======== DATA PROVIDED ========
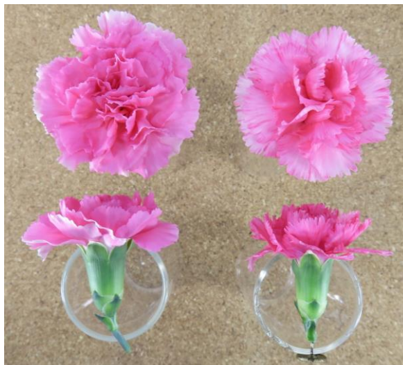
「ももかれん」 「ダークピンクバーバラ」
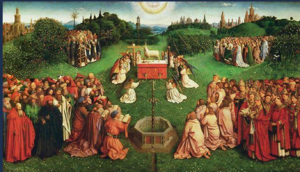
Jan Van Eyck, El Retablo Ghent: Adoración del Cordero , 1432, óleo sobre tabla
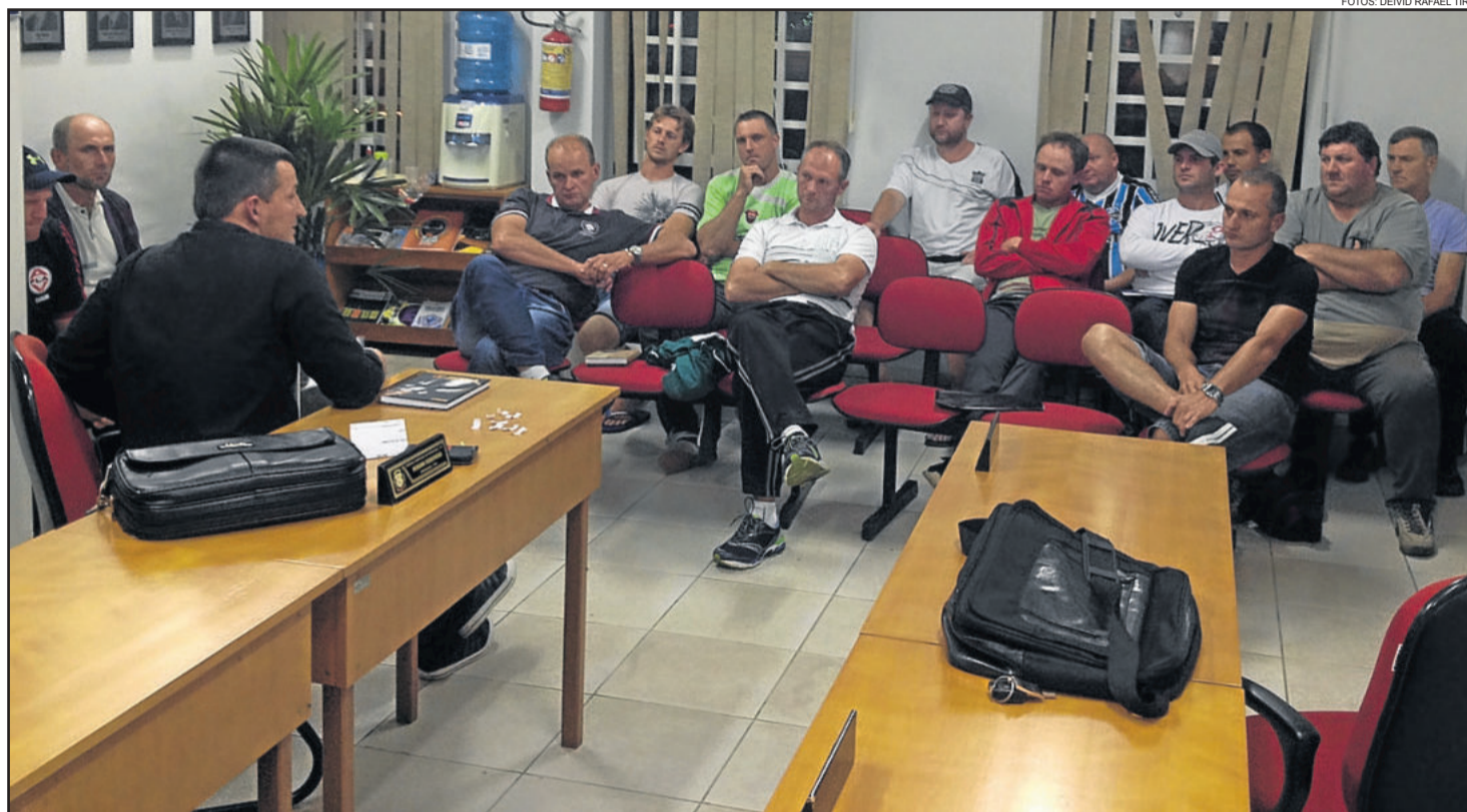
Encontro foi realizado na Câmara de Vereadores de Westfália

tar com 21 jogadores (16 atletas considerados de casa + 5 atletas de fora). Nos aspirantes, a novidade é a possibilidade de utilizar atletas a cima da idade (16 atletas com até 24 anos + 5 atletas de idade livre).
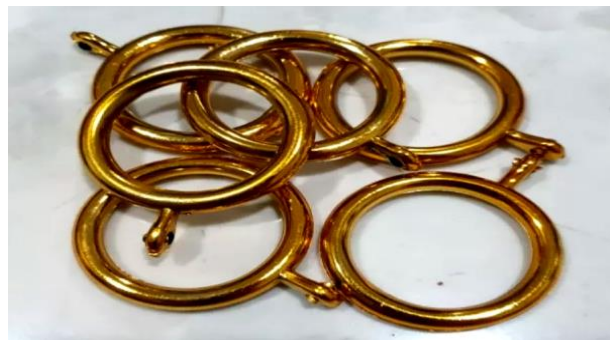
Gambar 3. Ring plastik untuk gantungan karya, biasanya digunakan sebagai gantungan gorden.
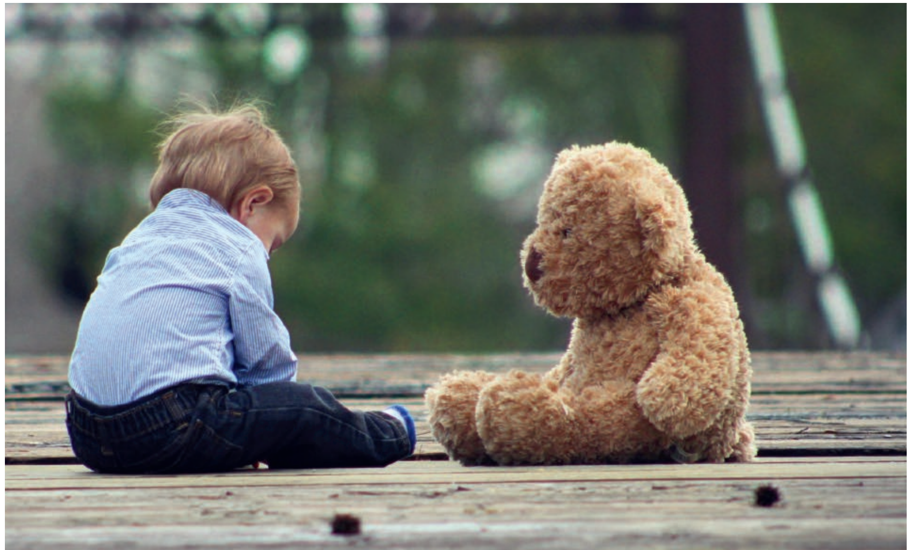
Freunde

Es können Menschen sein, die ich nur alle paar Wochen beim Friseur sehe, oder mit jenen, mit denen ich nur einmal im Monat telefoniere. Arbeitskollegen, mit denen ich privat kaum Kontakt habe. Natürlich auch Menschen, die mir täglich sehr nahe sind, wie z. B. der Partner oder die Eltern, aus deren Gesprächen ich gestärkt und frohen Mutes gehe.
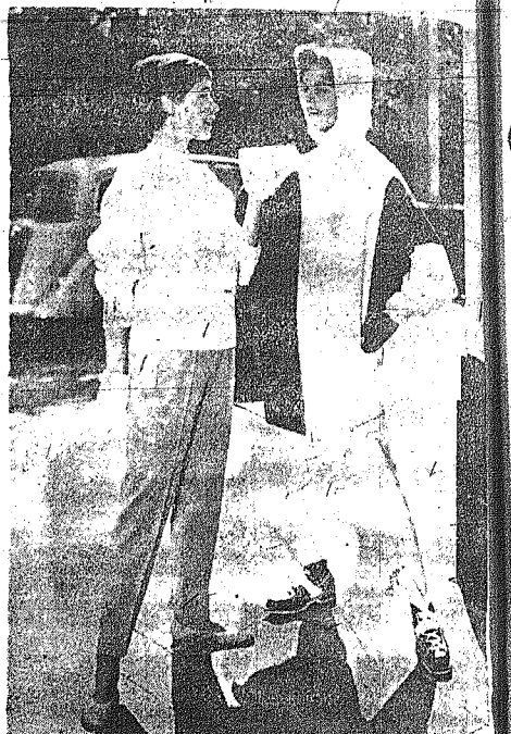
Και η μόδα εις τις γυναικείες πυζάμες εξελίσσεται διαρκώς. Ανωτέρω δύο πρωτότυπα μοντέλα της κοστίζης σιγής.
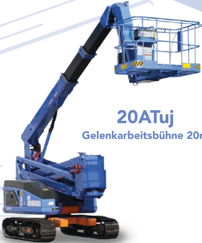
20ATuj Gelenkarbeitsbühne 20m
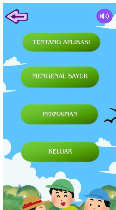
Gambar 4 Halaman Main Menu

Gambar 3 menunjukkan halaman mulai aplikasi RAGAM SAYUR yang merupakan tampilan awal yang diperlihatkan kepada pengguna sebelum masuk ke halaman menu. Pada halaman ini terdapat tampilan judul aplikasi dengan huruf yang jelas dan menarik sehingga dapat dibaca oleh anak-anak sebagai pengguna. Selanjutnya, terdapat tombol utama yang berbentuk lingkaran dengan gambar segitiga yang berguna sebagai tombol mulai untuk dapat masuk ke halaman selanjutnya.
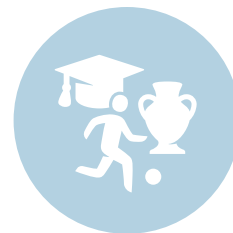
Onderwijs, cultuur, jeugdzaken en sport
========
= WHAT THE EXERCISE ASKS =
Set down word for word every line from the line containing "Και η μόδα εις" through the last line of the entries, and nothing more; no pictures.

= ANSWER AREA =
Και η μόδα εις τις γυναικείες πυζάμες εξελίσσεται διαρκώς. Ανωτέρω δύο πρωτότυπα μοντέλα της κοστίζης σιγής.
20ATuj Gelenkarbeitsbühne 20m
Gambar 4 Halaman Main Menu

Gambar 3 menunjukkan halaman mulai aplikasi RAGAM SAYUR yang merupakan tampilan awal yang diperlihatkan kepada pengguna sebelum masuk ke halaman menu. Pada halaman ini terdapat tampilan judul aplikasi dengan huruf yang jelas dan menarik sehingga dapat dibaca oleh anak-anak sebagai pengguna. Selanjutnya, terdapat tombol utama yang berbentuk lingkaran dengan gambar segitiga yang berguna sebagai tombol mulai untuk dapat masuk ke halaman selanjutnya.
Onderwijs, cultuur, jeugdzaken en sport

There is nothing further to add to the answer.